Surgery soon after clinical staging of non-small cell lung cancer reduces cancer progression
Significant upstaging or reclassification to a more advanced stage due to cancer progression in non-small cell lung cancer (NSCLC) can occur with each successive week from initial clinical staging to surgery, according to data presented at the American Association for Thoracic Surgery's 98th Annual Meeting. The same study showed that early intervention after completion of clinical staging leads to increased survival rates.
Clinical staging describes the severity of a patient's cancer based on the magnitude of the primary tumor and the extent to which this cancer has spread. National Cancer Comprehensive Network (NCCN) Guidelines recommend surgery within eight weeks of completed clinical staging for NSCLC. Surgery offers a chance for cure in the approximately 15 percent of patients who are diagnosed with stage I NSCLC, but effective treatment requires accurate staging to guide effective management. Delay in surgery in clinical stage I is associated with increased upstaging and decreased survival.
"Our study evaluated the possibility of cancer upstaging using a more granular analysis, looking at the rates of upstaging for each progressive week from week one to week 12 for patients with stage I NSCLC," explains Harmik J. Soukiasian, MD, Chief, Division of Thoracic Surgery, Cedars-Sinai Health System, Los Angeles, who led the study.
Investigators examined treatment data of approximately 52,000 clinical stage I NSCLC patients undergoing surgical resection from the National Cancer Data Base (NCDB). Patients who had anatomic lobar resection and lymphadenectomy or lymph node sampling, who did not receive pre-operative chemotherapy for clinical stage I NSCLC, were analyzed and compared to their eventual pathologic staging. The rates of upstaging for stage I tumors were evaluated based on the time from completed clinical staging to surgery for the first twelve weeks. Subgroup analyses were performed for IA and IB adenocarcinoma and squamous cell carcinoma.

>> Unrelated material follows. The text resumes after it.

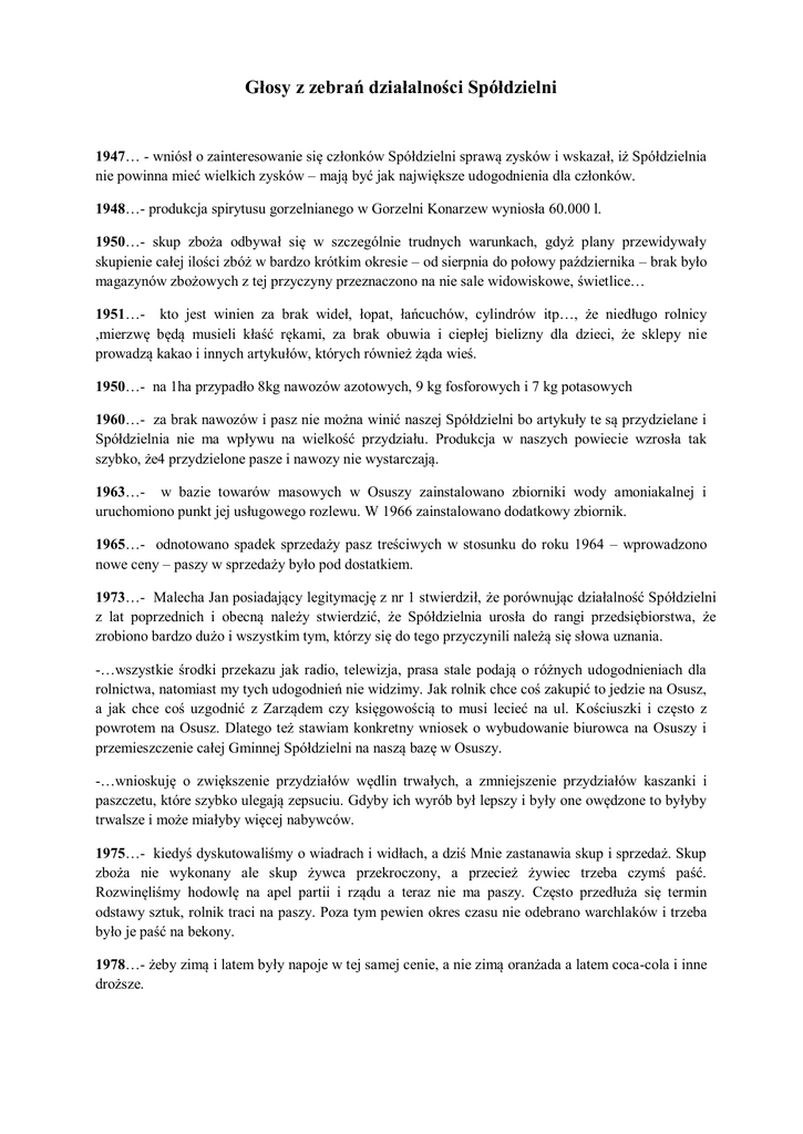Głosy z zebrań działalności Spółdzielni 1947… - wniósł o zainteresowanie się członków Spółdzielni sprawą zysków i wskazał, iż Spółdzielnia nie powinna mieć wielkich zysków – mają być jak największe udogodnienia dla członków. 1948…- produkcja spirytusu gorzelnianego w Gorzelni Konarzew wyniosła 60.000 l. 1950…- skup zboża odbywał się w szczególnie trudnych warunkach, gdyż plany przewidywały skupienie całej ilości zbóż w bardzo krótkim okresie – od sierpnia do połowy października – brak było magazynów zbożowych z tej przyczyny przeznaczono na nie sale widowiskowe, świetlice… 1951…- kto jest winien za brak wideł, łopat, łańcuchów, cylindrów itp…, że niedługo rolnicy ,mierzwę będą musieli kłaść rękami, za brak obuwia i ciepłej bielizny dla dzieci, że sklepy nie prowadzą kakao i innych artykułów, których również żąda wieś. 1950…- na 1ha przypadło 8kg nawozów azotowych, 9 kg fosforowych i 7 kg potasowych 1960…- za brak nawozów i pasz nie można winić naszej Spółdzielni bo artykuły te są przydzielane i Spółdzielnia nie ma wpływu na wielkość przydziału. Produkcja w naszych powiecie wzrosła tak szybko, że4 przydzielone pasze i nawozy nie wystarczają. 1963…- w bazie towarów masowych w Osuszy zainstalowano zbiorniki wody amoniakalnej i uruchomiono punkt jej usługowego rozlewu. W 1966 zainstalowano dodatkowy zbiornik. 1965…- odnotowano spadek sprzedaży pasz treściwych w stosunku do roku 1964 – wprowadzono nowe ceny – paszy w sprzedaży było pod dostatkiem. 1973…- Malecha Jan posiadający legitymację z nr 1 stwierdził, że porównując działalność Spółdzielni z lat poprzednich i obecną należy stwierdzić, że Spółdzielnia urosła do rangi przedsiębiorstwa, że zrobiono bardzo dużo i wszystkim tym, którzy się do tego przyczynili należą się słowa uznania. -…wszystkie środki przekazu jak radio, telewizja, prasa stale podają o różnych udogodnieniach dla rolnictwa, natomiast my tych udogodnień nie widzimy. Jak rolnik chce coś zakupić to jedzie na Osusz, a jak chce coś uzgodnić z Zarządem czy księgowością to musi lecieć na ul. Kościuszki i często z powrotem na Osusz. Dlatego też stawiam konkretny wniosek o wybudowanie biurowca na Osuszy i przemieszczenie całej Gminnej Spółdzielni na naszą bazę w Osuszy. -…wnioskuję o zwiększenie przydziałów wędlin trwałych, a zmniejszenie przydziałów kaszanki i paszczetu, które szybko ulegają zepsuciu. Gdyby ich wyrób był lepszy i były one owędzone to byłyby trwalsze i może miałyby więcej nabywców. 1975…- kiedyś dyskutowaliśmy o wiadrach i widłach, a dziś Mnie zastanawia skup i sprzedaż. Skup zboża nie wykonany ale skup żywca przekroczony, a przecież żywiec trzeba czymś paść. Rozwinęliśmy hodowlę na apel partii i rządu a teraz nie ma paszy. Często przedłuża się termin odstawy sztuk, rolnik traci na paszy. Poza tym pewien okres czasu nie odebrano warchlaków i trzeba było je paść na bekony. 1978…- żeby zimą i latem były napoje w tej samej cenie, a nie zimą oranżada a latem coca-cola i inne droższe. -…rolnikom specjalizującym się należy gwarantować pasze przecież oni muszą wszystko planować na zapas. Dlaczego obecnie produkuje się taką cegłę, że gdy dowiezie się ją do domu to jest sam gruz. Jak będzie z zaopatrzeniem w dni wolne od pracy. -… bezpośredni odbiór żywca obsługują ludzie, którzy czekają aż rolnicy sami załadują zwierzęta na samochód. -… dlaczego brak w sklepach czarnej pasty do obuwia, kakao i innych rzeczy do gospodarstwa domowego, dlaczego brak napoi chłodzących i wody sodowej w sklepie i barze w czasie żniw. -… należałoby zacząć analizować rolników, krórzy rozliczyli się z kontraktacji bo można powiedzieć z stanowczością, że 30% buduje socjalizm a reszta co robi. Dziś można powiedzieć, że przemysł nie nadąża z rolnictwem. Ludzi na wsi ciągle ubywa Anie można kupić zagrabiarki i roztrząsacza. -… ludzie za paszą czekają do wieczora, czy do czekania nie można udostępnić biur 1980… - mówił o zwiększeniu przydziału kawy dla sklepu nr 9 w Biadkach oraz wprowadzeniu piwa do tegoż sklepu.. -… wypowiedziała się na temat kontraktacji rzepaku przez GS. Stwierdziła, że chętnych do kontraktowania tej rosliny oleistej jest bardzo dużo, ale tylko niewielu rolników mogło zawrzeć umowę kontrakcyjną. -… przydział kawy na poszczególne sklepy określany jest wg klucza podziałowego i istnieje jedynie możliwość wewnętrznego skorygowania ilości dostaw między sklepami nr 4 i 9 w Biadkach -… nawozy są dzielone dla terenu miasta i gminy Krotoszyn. Norma przydziału stanowi 295kg NPK. 1989… - wniósł o poprawienie zaopatrzenia w margarynę oraz poinformował zebranych WZP, że w woj. Leszczyńskim jest lepsze zaopatrzenie w margarynę. -… z Ustkowa… zapytała się czy mają prawo do korzystania ze sklepu na równych warunkach z mieszkańcami wsi Wronów. 1990… - brak artykułów szkolnych na sklepach; pretensje o likwidowanie klubo-kawiarni oraz oddawanie sklepów w ajencję. -… zwróciła uwagę na złe zaopatrzenie sklepów oraz złą jakość chleba (stary, drogi) 1991… - w jednym zdaniu powiedział, że żadna dyskusja nie ma sensu, ponieważ doprowadzi do większej kłótni pomiędzy wsią a miastem, do czego już polityka państwa doprowadziła, a dyskusja nic nie zmieni ponieważ wszystkie zarządzenia i tak przychodzą odgórnie. 1994… - poruszył sprawę obsługi klienta, jest to zwłaszcza w dzisiejszej dobie sprawa ważna, bo rolnik raz źle obsłużony już nigdy do tej Spółdzielni nie przyjdzie. Należałoby uczulić pracowników na tą sprawę. W tej chwili rolnik nie ma dużego wpływu na pracę Spółdzielni, skala przedstawicielstwa rolników jest zbyt mała. To dlatego właśnie spadłą sprzedaż nawozów, że rolnik nie jest obsług

Results showed overall survival improves with accurate staging in clinical stage I NSCLC. There was significant cancer upstaging with each progressive week from clinical staging to surgery, with a significant increase of upstaging to stage 3A, reinforcing the need for surgery within the NCCN guideline recommendation of eight weeks or earlier.
Upstaging occurred for both adenocarcinoma and squamous cell carcinoma. Stage IA upstages at a higher rate than IB.
"An astonishing number of clinical stage I NSCLC patients upstaged to 3A disease at the time of surgery. Interestingly, a higher proportion of both clinical IA and IB patients upstaged to 3A versus 2B, suggesting a possible need for more aggressive mediastinal staging, even in early-staged patients. Although current national guidelines recommend surgery within eight weeks from diagnosis, our study demonstrates there is a benefit in doing surgery even within a week to week basis," concludes Dr. Soukiasian.